1 tn The preposition “like” creates a small tension here. So some ignore the preposition and read “clay” as an adverbial accusative of the material (GKC 371 §117.hh but cf. 379 §119.i with reference to beth essentiae: “as it were, by clay”). The NIV gets around the problem with a different meaning for the verb: “you molded me like clay.” Some suggest the meaning was “as [with] clay” (in the same manner that we have “as [in] the day of Midian” [Isa 9:4]).

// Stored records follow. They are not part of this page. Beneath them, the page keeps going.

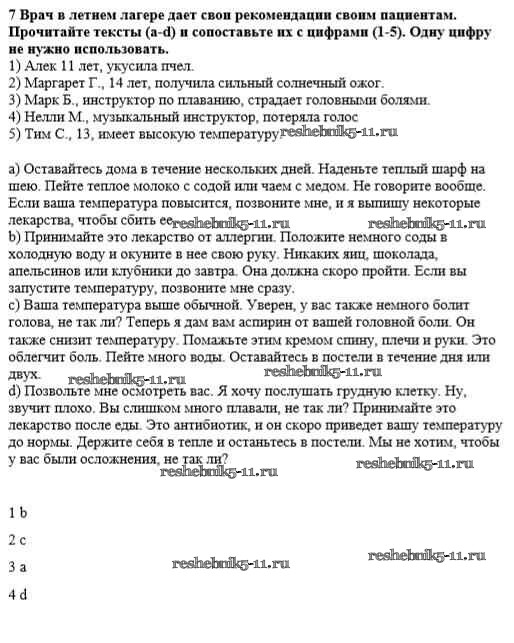 Готовая домашняя работа с ответами по Английскому языку за 8 класс Афанасьева, Михеева Рабочая тетрадь Новый курс Часть 1, 2 Дрофа 2017 ФГОС - Unit 5. Keeping Fit 7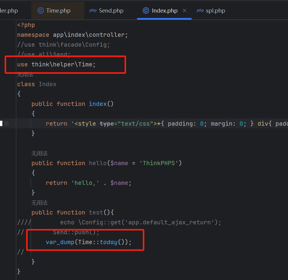然后在application->index->controller->index.php中写入要调用的类,当然要使用的命名空间不能少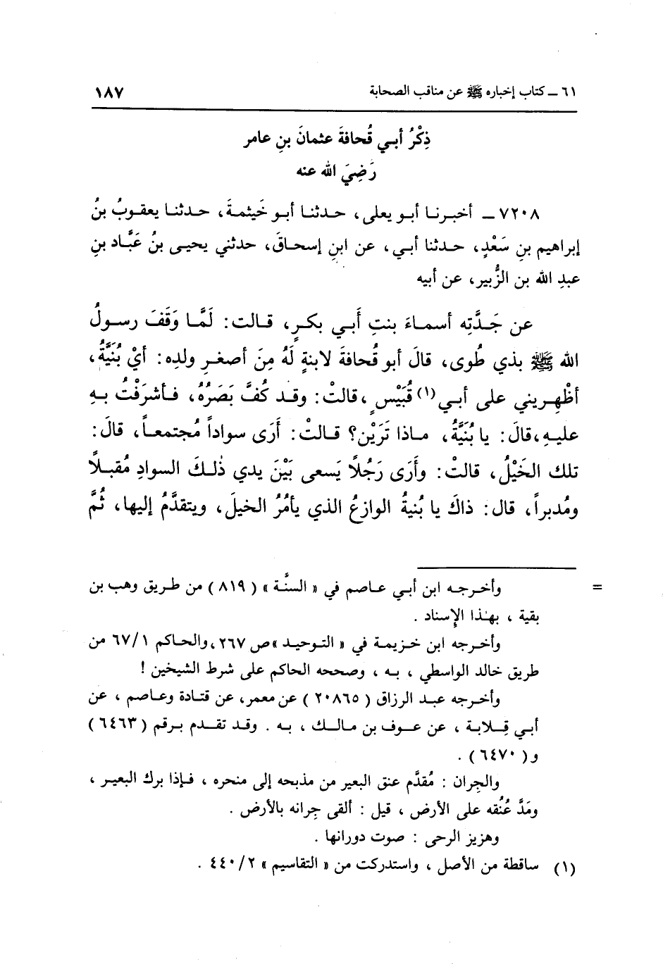 7208- أَخْبَرَنَا أَبُو يَعْلَى حَدَّثَنَا أَبُو خَيْثَمَةَ حَدَّثَنَا يَعْقُوبُ بْنُ إِبْرَاهِيمَ بْنِ سَعْدٍ حَدَّثَنَا أَبِي عَنِ ابْنِ إِسْحَاقَ حَدَّثَنِي يَحْيَى بْنِ عَبَّادِ بْنِ عَبْدِ اللَّهِ بْنِ الزُّبَيْرِ عَنْ أَبِيهِ عَنْ جَدَّتِهِ أَسْمَاءَ بِنْتِ أَبِي بَكْرٍ قَالَتْ: لَمَّا وَقَفَ رَسُولُ اللَّهِ صَلَّى اللَّهُ عَلَيْهِ وَسَلَّمَ بِذِي طُوًى قَالَ أَبُو قُحَافَةَ لَابْنَةٍ لَهُ مِنْ أَصْغَرِ وَلَدِهِ: أَيْ بُنَيَّةُ أَظْهِرِينِي عَلَى أَبِي قُبيس,1 قَالَتْ: وَقَدْ كُفَّ بَصَرُهُ فَأَشْرَفْتُ بِهِ عَلَيْهِ, قَالَ: يَا بُنَيَّةُ مَاذَا تَرَيْنَ؟ قَالَتْ: أَرَى سَوَادًا مُجْتَمِعًا, قَالَ: تِلْكَ الْخَيْلُ, قَالَتْ: وَأَرَى رَجُلًا يَسْعَى بَيْنَ يَدَيْ ذَلِكَ السَّوَادِ مُقْبِلًا وَمُدْبِرًا, قَالَ: ذَاكَ يَا بُنَيَّةُ الْوَازِعُ الَّذِي يَأْمُرُ الْخَيْلَ وَيَتَقَدَّمُ إليها ثم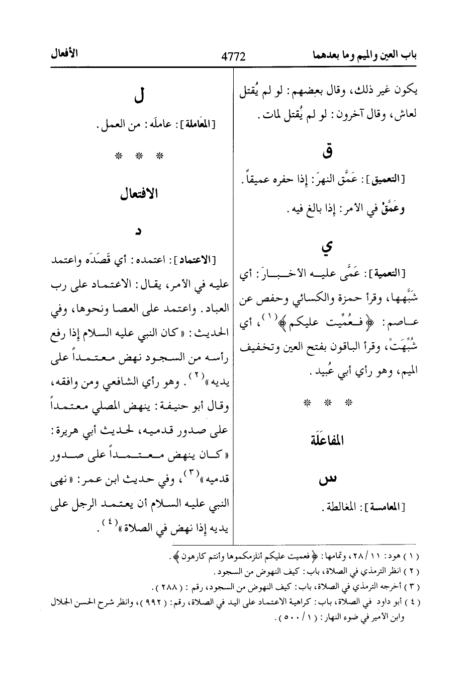 وفي حديث ابن عمر: «نهى النبي عليه السلام أن يعتمد الرجل على يديه إذا نهض في الصلاة» «4».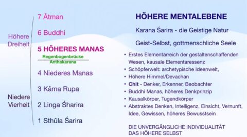 Allgemein bekannt ist die Dreiheit des Menschen: Körper, Seele, Geist. Die von Helena Blavatsky später gelehrte siebenfältige Konstitution (Wesensglieder) oder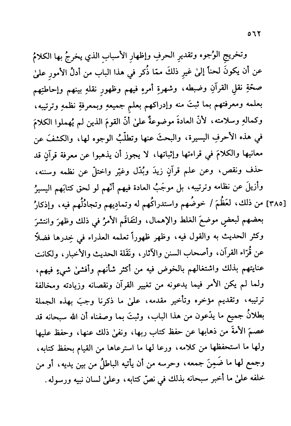 عن قُراء القرآن، وأصحاب السنن والآثار، ونَقَلة الحديث والأخبار، ولكانت عنايتهم بذلك واشتغالهم بالخوض فيه من أكثر شأنهم وأفشى شيءٍ فيهم، ولما لم يكن الأمر فيما يدعونه من تغيير القرآن ونقصانه وزيادته ومخالفة ترتيبه، وتقديم مؤخره وتأخير مقدمه، على ما ذكرنا وجبَ بهذه الجملة بطلانُ جميع ما يدعون من هذا الباب، وثبتَ بما وصفناه أن الله سبحانه قد عصمَ الأمةَ من ذهابها عن حفظ كتاب ربها، ونفى ذلك عنها، وحفظ عليها ولها ما استحفظها من كلامه، ورعا لها ما استرعاها من القيام بحفظ كتابه، وجمع لها ما ضَمِنَ جمعه، وحرسه من أن يأتيه الباطلُ من بين يديه، أو من خلفه على ما أخبر سبحانه بذلك في نص كتابه، وعلى لسان نبيه ورسوله.

2 tn The text has a conjunction: “and to dust….”
3 tn The verb נָתַךְ (natakh) means “to flow,” and in the Hiphil, “to cause to flow.”
4 tn This verb קָפָא (qafa’) means “to coagulate.” In the Hiphil it means “to stiffen; to congeal.”
sn These verses figuratively describe the formation of the embryo in the womb.
6 tn The skin and flesh form the exterior of the body and so the image of “clothing” is appropriate. Once again the verb is the prefixed conjugation, expressing what God did.
7 tn This verb is found only here (related nouns are common) and in the parallel passage of Ps 139:13. The word סָכַךְ (sakhakh), here a Poel prefixed conjugation (preterite), means “to knit together.” The implied comparison is that the bones and sinews form the tapestry of the person (compare other images of weaving the life).